April 8, 2012
One Easter when we lived in Pennsylvania, I took our daughter Rebecca, then three years old, to an Easter egg hunt at a large United Methodist Church near our home. They had sent out a brightly colored postcard advertising the event to surrounding neighborhoods. We pulled up right on time and joined a big crowd of parents and children milling around in front of the church.
The organizers, surprised by the turnout, decided to avoid a mad rush by letting the children go searching one group at a time. Kind of like boarding an airplane one group at a time. I'm not sure why they chose the older group as the priority access group, but the result was that the older kids eagerly searched the bushes and grounds for chocolate, foil-wrapped eggs and came back with laden baskets. They were such efficient egg gatherers that, by the time the younger group started their search, there were few eggs left. The crew in the kitchen was coloring hard boiled eggs as fast as they could and had sent someone to the grocery store down the hill to buy more chocolate ones. But in the meantime, I had a very disappointed three-year-old with an empty basket. Normally a shy child, she walked right up to the church member dressed as the Easter Bunny. "You said this was an egg hunt," she said. "But there are no eggs." She gazed up at him imploringly, with her big hazel eyes while holding up the empty basket for his inspection.
"I know, honey, we ran out."
"But you're the Easter Bunny," she said.
The Easter Bunny glanced at me through the eyeholes of what was, in retrospect, a rather creepy plastic face mask. His eyes had a desperate glint that said to me, "How about some help here?" I let him sweat it out. Just then a church helper came out with a couple of hastily painted hard-boiled eggs and offered one to Rebecca. "Here, honey. Here is an egg." "It's not chocolate," she said. "They got chocolate eggs," she gestured toward the older children seated on the grass, unwrapping their eggs.
I bought my girl a big chocolate bunny on the way home and let her eat more than I should have. My girl had made an excellent point. The Easter Bunny and his minions that morning should have known that when you promise people that if they show up at a certain time for something good, there better be enough for everybody. The Easter Bunny should also have known that children have very long memories.
Adults in the Gospel of Mark, not so much. Jesus sends out three postcards in the Gospel of Mark, each promising the disciples that after he was crucified and resurrected there would be some good news for them. He would be raised from the dead.
Then he began to teach them that the Son of Man must undergo great suffering, and be rejected by the elders, the chief priests, and the scribes, and be killed, and after three days rise again. He said all this quite openly (8:31).
The response? Peter contradicts and rebukes Jesus in 8:32.
After the Transfiguration, "As they were coming down the mountain, he ordered them to tell no one about what they had seen until after the Son of Man had risen from the dead (9:9). They went on from there and passed through Galilee. He was teaching his disciples, saying to them, "The Son of Man is to be betrayed into human hands, and they will kill him, and three days after being killed, he will rise again."
The response? "They did not understand what he was saying and were afraid to ask him" (9:30-31).
In an embarrassing and ridiculous juxtaposition, the next scene depicts them arguing about who was the greatest (9:33-37).
"They were on the road, going up to Jerusalem, and Jesus was walking ahead of them; they were amazed, and those who followed were afraid. He took the twelve aside again and began to tell them what was to happen to him, saying, 'See, we are going up to Jerusalem, and the Son of Man will be handed over the chief priests and the scribes, and they will condemn him to death; then they will hand him over to the Gentiles; they will mock him, and spit upon him, and flog him, and kill him, and after three days he will rise again'" (10:32-34).

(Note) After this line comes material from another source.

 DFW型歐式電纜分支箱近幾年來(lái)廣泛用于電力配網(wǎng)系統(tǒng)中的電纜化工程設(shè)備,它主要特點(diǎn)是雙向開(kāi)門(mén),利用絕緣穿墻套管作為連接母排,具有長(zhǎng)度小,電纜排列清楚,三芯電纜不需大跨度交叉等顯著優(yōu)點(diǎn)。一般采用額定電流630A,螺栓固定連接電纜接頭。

The response? "James and John, the sons of Zebedee, came forward to him and said to him, "Teacher, we want you to do for us whatever we ask of you . . . Grant us to sit, one on your right hand and one on your left, in your glory" (10:35-36).

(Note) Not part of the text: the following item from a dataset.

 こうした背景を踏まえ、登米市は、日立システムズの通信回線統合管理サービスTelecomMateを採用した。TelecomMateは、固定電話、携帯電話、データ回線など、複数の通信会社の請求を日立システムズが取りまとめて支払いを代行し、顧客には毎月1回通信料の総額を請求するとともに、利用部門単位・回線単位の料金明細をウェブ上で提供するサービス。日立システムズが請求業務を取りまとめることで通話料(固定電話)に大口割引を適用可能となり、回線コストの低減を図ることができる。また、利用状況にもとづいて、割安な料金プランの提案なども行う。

Recent research shows that when the body undergoes great pain, the brain releases natural pain suppressant chemicals.They have an analgesic effect, the brain self-medicating. Every time Jesus predicts his death and resurrection, people can't deal with the painful death part and so they numb themselves before they hear the joyful resurrection part.
"I'm going to be abused and killed but rise on the third day," says Jesus. Peter self-medicates with denial. "Jesus, you must be joking" (8:32).